I've started re-writing some parts of my favourite interpreter (and its U++ port... Smile). To remove some limitations and make the executable smaller I want to use as much as possible code from U++. Then, maybe I could offer some speed improvements to Esc, too?
My suspects or parts of interest:
StringStream:
1. too many function calls get(c) when e.g get32? (actually I found the analog for me - get32be)
2. some "inline" are ignored by the compiler (I've read that you would need "force inline" for MS compilers...)
3. because the raw data are not contigeous in memory but with too many links (or something...)


GLOBAL macro...

in CParser:
C syntax {}
e.g, I guess, using If ... endif for ...endfor could speed the things up? (I will be using this anyway and in compiled scripts just 1 unsigned char.)

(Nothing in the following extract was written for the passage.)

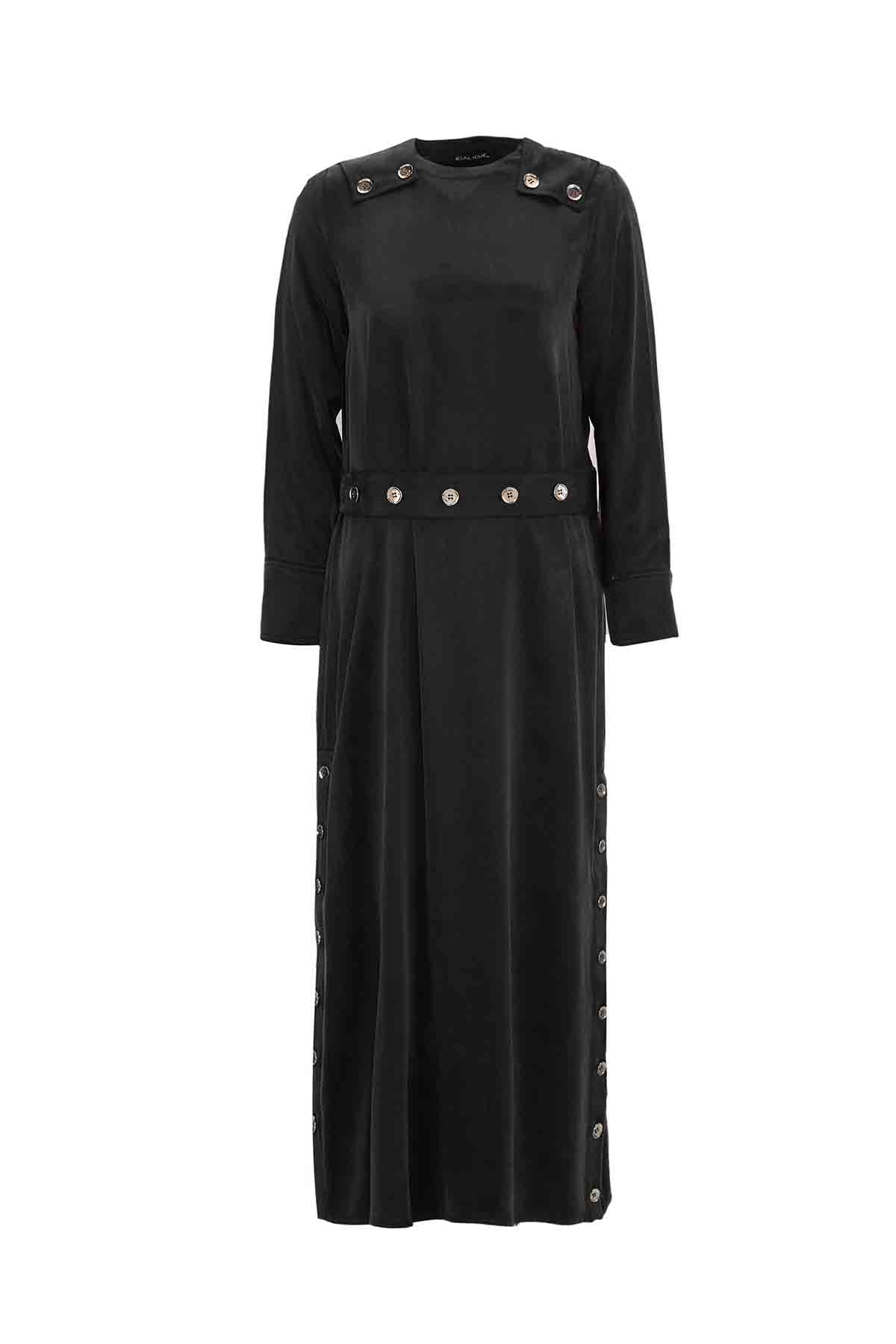 T26K-4020 Düğme Detaylı Düz Renk Elbise BLACK

Anything else to consider?
Pointers vs references? Type casting?
And, Mirek, (or anyone else), do you have your suspects in an approximate % order?.


P.S.
What is better, when and why (I'm confused because of UPP_HEAP)?
	U8 m_CodeBuffer[4];
		m_CodeBuffer[0]=s.Get8();
		m_CodeBuffer[1]=s.Get8();
		m_CodeBuffer[2]=s.Get8();
		m_CodeBuffer[3]=s.Get8();
		
	int m_Index=0;
	result_int32be =(((U8)(m_CodeBuffer[m_Index])     << 24) |
			((U8)(m_CodeBuffer[m_Index + 1]) << 16) |
			((U8)(m_CodeBuffer[m_Index + 2]) <<  8) |
			(U8) m_CodeBuffer[m_Index + 3]);


or
int get32int()
{
	U8* m_CodeBuffer = new U8[4];
	int m_Index=0;
	int x =(((U8)(m_CodeBuffer[m_Index])     << 24) |
			((U8)(m_CodeBuffer[m_Index + 1]) << 16) |
			((U8)(m_CodeBuffer[m_Index + 2]) <<  8) |
			(U8) m_CodeBuffer[m_Index + 3]);
	delete [] m_CodeBuffer;
	return x;
}

does operator *new* changes its behaviuor in case of USE_UPP_HEAP? What are pluses/minuses of USE_MALLOC in relation if I use malloc - realloc in my code? (I know not to mix *new* and free()... )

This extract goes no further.